The Talmud (Sotah 2) speaks about "a first and a second matchmaking/mating". The "first one" is described as being proclaimed in Heaven, whereas the "second one" is man-made. The reference is to the commandment to be fruitful and multiply commanded to Adam and the subsequent commandment given to Noah and his descendants. The success of the second mating, which is on the basis of man's actions, depends on man's spiritual input being the first ingredient, whereas in the future, when the input from heaven comes first, such marriages will be far superior to the matches being made on earth nowadays.

Having explained all this, we can now understand the difference between the verse "Noah walked with the L‑rd" (Gen. 6:1) and the verse in which Abraham describes himself in the words "G‑d before Whom I walked." (Gen. 24:40) Noah needed G‑d to "hold his hand", so to speak, whereas Abraham was self-propelled and took the initiative. Noah was afraid to mix with the corrupt society he lived in and isolated himself with only G‑d as his companion because he was afraid of the possible influence on him of contemporary society. Abraham was not only confident that he would not succumb to the corrupt society around him, but he tried to lead his fellow-men back to the path of monotheism and a life of good deeds. I have elaborated on this elsewhere. This is the plain meaning of those verses. Noah…relied on Divine Inspiration as the first step…

According to the path we generally follow, it will be shown that Noah's strength was not as great as Abraham's in other matters. Abraham had "awakened" himself to recognize and serve his Creator. As a result, he received considerable input via Divine Inspiration. This is what is meant when I said that rapprochement to G‑d must proceed from "the bottom up", i.e. man must be the initiator.

Noah, on the other hand, relied on Divine Inspiration as the first step. "Walking with G‑d" means after G‑d had inspired him first.
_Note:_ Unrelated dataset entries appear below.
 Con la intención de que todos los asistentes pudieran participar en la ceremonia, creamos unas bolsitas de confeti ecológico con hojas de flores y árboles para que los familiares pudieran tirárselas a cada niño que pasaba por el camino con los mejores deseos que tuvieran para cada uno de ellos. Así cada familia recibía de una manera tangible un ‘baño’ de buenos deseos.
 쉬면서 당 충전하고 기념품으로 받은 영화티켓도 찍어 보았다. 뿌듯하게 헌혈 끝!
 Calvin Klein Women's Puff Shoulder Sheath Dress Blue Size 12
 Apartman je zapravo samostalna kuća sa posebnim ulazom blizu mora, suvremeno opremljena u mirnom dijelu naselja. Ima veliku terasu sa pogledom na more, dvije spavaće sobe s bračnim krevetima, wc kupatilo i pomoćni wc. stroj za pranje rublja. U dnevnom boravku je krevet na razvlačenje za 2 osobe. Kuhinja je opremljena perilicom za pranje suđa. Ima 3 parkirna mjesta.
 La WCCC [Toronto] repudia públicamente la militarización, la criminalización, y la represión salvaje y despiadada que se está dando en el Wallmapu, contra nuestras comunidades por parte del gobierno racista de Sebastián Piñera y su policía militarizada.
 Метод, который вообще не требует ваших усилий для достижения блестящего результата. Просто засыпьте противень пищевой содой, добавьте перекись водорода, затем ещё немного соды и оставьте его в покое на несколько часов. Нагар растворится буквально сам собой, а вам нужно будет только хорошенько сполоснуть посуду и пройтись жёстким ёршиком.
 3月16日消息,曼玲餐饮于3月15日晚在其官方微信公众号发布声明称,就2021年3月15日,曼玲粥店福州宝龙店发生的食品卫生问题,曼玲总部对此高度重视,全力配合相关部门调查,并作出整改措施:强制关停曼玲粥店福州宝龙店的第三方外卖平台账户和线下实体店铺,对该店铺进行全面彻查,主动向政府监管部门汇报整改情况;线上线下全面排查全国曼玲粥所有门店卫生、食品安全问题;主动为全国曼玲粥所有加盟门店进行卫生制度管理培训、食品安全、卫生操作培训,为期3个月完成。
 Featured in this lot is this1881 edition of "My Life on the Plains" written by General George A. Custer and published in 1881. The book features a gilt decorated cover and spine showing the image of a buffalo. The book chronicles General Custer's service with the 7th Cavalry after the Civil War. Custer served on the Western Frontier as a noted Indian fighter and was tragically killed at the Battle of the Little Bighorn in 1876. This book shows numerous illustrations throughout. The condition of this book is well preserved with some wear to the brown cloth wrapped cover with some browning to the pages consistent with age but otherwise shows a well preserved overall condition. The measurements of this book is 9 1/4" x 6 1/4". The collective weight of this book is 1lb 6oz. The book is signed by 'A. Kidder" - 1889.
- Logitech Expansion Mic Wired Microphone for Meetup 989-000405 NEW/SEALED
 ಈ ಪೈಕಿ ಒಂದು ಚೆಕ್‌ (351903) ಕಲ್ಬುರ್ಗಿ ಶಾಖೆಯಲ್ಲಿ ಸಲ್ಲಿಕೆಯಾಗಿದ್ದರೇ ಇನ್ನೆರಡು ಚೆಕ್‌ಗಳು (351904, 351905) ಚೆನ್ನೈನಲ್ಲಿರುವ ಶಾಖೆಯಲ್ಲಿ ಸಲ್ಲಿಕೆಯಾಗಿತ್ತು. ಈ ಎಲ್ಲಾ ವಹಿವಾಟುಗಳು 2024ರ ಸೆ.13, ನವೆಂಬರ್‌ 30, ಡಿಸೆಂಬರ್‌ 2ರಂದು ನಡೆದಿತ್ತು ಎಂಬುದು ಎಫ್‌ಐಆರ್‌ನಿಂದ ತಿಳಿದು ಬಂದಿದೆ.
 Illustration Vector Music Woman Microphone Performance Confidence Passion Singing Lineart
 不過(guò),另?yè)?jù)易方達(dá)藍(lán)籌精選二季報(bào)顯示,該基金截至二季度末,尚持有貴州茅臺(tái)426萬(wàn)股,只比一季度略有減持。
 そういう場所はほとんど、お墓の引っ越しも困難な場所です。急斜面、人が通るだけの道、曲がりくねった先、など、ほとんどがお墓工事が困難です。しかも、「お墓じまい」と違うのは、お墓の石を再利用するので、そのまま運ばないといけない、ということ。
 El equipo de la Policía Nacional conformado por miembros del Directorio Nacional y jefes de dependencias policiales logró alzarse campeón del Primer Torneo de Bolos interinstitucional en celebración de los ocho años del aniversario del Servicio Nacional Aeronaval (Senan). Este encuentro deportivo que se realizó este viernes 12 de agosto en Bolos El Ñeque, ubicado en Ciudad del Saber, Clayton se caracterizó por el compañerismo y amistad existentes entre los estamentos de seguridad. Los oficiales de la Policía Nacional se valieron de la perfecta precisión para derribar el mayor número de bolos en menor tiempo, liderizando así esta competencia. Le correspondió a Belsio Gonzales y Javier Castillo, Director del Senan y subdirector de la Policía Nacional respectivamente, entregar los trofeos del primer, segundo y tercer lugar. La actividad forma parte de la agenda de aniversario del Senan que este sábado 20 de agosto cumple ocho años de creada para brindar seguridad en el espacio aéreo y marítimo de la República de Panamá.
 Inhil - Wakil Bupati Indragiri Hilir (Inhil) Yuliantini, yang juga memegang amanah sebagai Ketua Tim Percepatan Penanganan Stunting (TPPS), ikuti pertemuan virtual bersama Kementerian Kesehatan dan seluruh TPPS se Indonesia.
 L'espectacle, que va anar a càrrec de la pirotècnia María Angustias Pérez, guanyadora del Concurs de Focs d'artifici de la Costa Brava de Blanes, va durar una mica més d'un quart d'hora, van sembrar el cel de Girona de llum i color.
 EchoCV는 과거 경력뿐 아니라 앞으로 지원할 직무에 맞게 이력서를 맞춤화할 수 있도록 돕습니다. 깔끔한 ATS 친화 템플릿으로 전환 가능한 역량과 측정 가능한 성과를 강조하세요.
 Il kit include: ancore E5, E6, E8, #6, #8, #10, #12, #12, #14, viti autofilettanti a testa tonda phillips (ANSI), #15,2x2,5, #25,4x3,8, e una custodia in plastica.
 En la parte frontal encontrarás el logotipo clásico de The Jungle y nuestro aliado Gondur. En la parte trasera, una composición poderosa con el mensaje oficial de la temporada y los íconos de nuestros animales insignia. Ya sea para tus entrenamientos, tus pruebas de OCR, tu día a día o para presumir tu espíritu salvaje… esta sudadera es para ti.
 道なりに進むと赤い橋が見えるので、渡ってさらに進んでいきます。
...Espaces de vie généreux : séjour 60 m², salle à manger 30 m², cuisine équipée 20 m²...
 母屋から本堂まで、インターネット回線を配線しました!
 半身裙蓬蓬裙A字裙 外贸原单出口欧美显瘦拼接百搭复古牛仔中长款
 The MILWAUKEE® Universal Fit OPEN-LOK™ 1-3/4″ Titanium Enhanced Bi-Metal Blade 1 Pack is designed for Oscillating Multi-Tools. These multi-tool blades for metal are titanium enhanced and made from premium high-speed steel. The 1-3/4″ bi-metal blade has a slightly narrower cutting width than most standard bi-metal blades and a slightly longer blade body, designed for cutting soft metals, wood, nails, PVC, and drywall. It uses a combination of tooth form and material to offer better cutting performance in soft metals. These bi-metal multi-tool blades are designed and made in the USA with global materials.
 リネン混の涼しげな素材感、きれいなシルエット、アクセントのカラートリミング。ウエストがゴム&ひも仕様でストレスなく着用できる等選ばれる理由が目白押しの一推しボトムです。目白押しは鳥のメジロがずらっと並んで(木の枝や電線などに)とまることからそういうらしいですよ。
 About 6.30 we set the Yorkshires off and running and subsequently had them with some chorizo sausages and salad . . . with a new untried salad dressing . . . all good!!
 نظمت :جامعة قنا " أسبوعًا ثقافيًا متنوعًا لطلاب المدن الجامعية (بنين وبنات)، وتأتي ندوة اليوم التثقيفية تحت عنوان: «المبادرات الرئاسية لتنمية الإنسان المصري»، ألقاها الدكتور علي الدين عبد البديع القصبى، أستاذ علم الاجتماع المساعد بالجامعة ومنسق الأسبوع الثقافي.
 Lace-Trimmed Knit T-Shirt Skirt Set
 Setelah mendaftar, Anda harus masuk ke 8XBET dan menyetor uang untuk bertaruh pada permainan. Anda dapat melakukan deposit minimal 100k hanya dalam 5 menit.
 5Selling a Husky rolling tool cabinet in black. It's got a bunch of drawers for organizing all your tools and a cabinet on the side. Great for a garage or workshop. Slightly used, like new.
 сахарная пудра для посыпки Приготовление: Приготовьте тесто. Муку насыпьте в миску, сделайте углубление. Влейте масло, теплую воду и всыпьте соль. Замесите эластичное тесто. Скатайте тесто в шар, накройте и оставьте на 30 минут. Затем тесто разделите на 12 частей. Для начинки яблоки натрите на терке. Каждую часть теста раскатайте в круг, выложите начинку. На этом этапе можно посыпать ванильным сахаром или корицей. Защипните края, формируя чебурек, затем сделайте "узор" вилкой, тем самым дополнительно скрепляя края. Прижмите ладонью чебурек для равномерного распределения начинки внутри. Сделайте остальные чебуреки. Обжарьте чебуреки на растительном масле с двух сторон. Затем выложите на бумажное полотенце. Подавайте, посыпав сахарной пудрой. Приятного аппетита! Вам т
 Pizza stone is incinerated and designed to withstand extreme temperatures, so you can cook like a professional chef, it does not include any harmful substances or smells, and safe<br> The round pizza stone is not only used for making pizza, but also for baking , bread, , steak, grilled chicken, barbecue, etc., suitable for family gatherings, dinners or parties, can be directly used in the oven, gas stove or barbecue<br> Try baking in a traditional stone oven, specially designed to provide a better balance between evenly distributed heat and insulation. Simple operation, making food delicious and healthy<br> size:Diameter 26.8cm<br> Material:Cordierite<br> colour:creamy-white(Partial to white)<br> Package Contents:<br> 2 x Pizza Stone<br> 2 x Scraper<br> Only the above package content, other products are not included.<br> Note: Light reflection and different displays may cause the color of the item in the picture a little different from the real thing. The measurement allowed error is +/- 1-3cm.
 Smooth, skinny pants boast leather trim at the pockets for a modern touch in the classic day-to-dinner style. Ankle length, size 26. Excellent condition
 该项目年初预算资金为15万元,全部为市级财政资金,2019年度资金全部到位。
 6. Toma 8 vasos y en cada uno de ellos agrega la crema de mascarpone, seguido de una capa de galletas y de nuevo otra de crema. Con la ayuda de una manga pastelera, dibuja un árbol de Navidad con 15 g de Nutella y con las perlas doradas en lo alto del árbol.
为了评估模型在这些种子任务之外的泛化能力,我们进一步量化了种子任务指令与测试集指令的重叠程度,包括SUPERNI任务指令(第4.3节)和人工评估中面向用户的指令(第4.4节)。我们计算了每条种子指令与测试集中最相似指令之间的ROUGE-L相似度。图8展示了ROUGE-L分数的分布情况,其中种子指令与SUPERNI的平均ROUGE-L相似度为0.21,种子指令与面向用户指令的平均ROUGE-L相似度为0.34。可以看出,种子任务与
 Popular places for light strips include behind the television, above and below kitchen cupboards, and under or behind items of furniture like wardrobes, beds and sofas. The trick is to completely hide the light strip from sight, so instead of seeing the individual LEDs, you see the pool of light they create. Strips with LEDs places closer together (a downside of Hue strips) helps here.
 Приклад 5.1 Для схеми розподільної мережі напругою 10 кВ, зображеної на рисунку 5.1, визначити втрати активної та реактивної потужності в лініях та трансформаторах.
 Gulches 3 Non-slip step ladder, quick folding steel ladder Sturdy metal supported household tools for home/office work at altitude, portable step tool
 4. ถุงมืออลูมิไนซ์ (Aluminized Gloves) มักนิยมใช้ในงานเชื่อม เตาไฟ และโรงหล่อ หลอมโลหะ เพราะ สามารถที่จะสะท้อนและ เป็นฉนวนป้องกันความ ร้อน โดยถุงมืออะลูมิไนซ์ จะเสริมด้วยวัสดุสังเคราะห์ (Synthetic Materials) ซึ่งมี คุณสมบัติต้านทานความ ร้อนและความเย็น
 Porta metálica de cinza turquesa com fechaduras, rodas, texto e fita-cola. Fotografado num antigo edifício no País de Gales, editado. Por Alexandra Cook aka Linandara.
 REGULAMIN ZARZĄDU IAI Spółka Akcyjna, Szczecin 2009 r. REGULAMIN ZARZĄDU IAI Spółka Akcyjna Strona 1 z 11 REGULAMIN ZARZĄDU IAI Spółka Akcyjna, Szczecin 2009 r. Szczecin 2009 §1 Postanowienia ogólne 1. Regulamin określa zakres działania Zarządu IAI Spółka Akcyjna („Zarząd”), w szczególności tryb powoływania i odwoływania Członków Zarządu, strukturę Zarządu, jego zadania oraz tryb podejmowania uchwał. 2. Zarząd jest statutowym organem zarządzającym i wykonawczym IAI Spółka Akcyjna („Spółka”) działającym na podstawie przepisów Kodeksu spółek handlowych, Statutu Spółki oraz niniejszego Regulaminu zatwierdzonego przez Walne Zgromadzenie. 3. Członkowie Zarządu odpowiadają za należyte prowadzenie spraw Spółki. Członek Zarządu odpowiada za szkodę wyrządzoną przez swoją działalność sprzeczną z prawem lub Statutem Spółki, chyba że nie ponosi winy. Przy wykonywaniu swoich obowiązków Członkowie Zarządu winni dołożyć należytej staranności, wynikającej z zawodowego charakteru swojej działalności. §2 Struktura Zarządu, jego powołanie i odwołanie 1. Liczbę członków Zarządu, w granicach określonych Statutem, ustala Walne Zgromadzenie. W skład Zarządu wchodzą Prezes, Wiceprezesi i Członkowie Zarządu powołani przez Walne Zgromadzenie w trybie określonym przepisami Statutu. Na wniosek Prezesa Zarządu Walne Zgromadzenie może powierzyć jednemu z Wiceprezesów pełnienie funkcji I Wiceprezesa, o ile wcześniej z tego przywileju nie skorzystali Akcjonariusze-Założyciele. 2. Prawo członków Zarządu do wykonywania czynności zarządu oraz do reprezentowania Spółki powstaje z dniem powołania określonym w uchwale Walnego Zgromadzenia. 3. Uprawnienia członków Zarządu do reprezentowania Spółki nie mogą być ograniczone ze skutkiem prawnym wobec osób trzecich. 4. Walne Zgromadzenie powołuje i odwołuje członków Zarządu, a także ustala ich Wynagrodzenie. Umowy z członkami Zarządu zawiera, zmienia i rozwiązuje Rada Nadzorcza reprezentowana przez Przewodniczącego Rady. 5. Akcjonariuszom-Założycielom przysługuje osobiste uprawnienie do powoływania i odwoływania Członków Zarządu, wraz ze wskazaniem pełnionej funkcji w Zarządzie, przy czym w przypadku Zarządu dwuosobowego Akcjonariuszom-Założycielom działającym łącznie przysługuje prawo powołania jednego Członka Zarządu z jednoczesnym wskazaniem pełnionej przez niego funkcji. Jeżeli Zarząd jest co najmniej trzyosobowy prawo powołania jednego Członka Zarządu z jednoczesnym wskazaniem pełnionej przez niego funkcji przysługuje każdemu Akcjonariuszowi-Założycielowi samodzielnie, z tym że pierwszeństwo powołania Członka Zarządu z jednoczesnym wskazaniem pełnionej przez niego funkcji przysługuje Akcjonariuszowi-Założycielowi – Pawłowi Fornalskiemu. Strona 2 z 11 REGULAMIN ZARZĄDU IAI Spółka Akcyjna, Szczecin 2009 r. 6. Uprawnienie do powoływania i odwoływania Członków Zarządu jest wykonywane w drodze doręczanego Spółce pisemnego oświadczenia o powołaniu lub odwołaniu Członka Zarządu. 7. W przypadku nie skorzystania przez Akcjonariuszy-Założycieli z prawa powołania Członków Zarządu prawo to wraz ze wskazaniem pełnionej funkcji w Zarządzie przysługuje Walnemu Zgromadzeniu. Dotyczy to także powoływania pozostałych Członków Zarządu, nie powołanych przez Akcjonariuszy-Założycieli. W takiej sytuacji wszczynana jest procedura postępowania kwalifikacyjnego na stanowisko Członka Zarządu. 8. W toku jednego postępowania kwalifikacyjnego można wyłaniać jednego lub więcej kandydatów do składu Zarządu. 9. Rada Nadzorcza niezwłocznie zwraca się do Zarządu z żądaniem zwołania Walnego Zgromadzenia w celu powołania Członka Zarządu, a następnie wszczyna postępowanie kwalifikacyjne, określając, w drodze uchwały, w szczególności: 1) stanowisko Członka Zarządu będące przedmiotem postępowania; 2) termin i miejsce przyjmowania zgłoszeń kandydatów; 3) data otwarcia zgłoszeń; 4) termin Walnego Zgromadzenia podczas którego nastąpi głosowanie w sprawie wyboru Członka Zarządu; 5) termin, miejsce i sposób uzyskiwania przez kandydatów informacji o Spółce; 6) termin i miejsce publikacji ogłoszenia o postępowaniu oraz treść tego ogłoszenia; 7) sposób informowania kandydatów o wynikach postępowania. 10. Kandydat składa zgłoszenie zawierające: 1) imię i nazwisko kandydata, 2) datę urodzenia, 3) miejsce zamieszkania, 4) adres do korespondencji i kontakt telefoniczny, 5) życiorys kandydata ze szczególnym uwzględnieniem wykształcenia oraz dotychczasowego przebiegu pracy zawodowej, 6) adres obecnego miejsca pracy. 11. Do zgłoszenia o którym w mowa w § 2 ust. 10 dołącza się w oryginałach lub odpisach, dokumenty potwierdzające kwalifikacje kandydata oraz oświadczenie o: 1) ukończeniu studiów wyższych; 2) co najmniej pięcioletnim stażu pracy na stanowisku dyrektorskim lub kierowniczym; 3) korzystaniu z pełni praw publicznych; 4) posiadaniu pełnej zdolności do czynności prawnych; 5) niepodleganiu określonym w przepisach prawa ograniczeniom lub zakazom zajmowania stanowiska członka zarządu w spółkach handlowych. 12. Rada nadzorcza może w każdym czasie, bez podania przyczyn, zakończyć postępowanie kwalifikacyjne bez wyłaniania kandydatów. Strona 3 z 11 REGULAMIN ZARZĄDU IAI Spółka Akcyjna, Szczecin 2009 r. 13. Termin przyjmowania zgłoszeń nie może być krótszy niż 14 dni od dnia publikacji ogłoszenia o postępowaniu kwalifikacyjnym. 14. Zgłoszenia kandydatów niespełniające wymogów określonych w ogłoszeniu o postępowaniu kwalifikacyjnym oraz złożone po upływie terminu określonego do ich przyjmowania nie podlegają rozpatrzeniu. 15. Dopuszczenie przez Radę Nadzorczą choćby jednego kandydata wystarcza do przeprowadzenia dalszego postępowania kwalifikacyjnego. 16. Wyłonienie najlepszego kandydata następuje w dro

The "awakening" came from Above.

On the verses "I regret that I created them (humanity). But Noah found ("matza" in Hebrew) favor in G‑d's eyes" (Genesis 6:7 and 8), Rav Kahanae comments (Bereishit Rabba 29:1) that the end of verse 6 shows that even Noah had not really been found to be worthy. He was "lucky" to have found favor in the eyes of G‑d. Noah "found favor" (passive), however G‑d did not "find" (anything of substance). The meaning is that Noah "found" that G‑d awakened him; G‑d, however, did not "find", i.e. did not see in Noah something He felt he had to "respond" to. The reverse was true of Abraham, as demonstrated by the verse we have quoted.

[Translated and adapted by Eliyahu Munk.]

Rabbi Isaiah HaLevi Horowitz [5320/1560 - 11 Nissan 5390/1630] served many years as chief rabbi in Frankfurt and then Prague, his birthplace. In 1621 he moved to Israel and became the chief rabbi of Jerusalem. He is best known as the author of Shenei Luchot HaBrit, a work of Scripture commentary and Jewish Law, and is usually referred to as "the SHeLaH", the acronym of its title.
He lived the last years of his life in Tzefat although his burial place is in Tiberias, only a few meters from the tomb of the Rambam. It is a popular pilgrimage site, especially on Erev Rosh Chodesh Sivan, which he himself recommended as a propitious time for saying the special prayer for success in educating one’s children that he composed.
Eliyahu Munk, the translator, was born in Frankfurt, and emigrated to England as a young man, later moving to Toronto. After retiring from education and moving to Israel in 1978, he began an extraordinary second career as a translator, publishing English versions of the Torah commentaries of Rabbeinu Bechayei, Akeidat Yitzchak, Shelah, Alshich and Ohr Hachaim.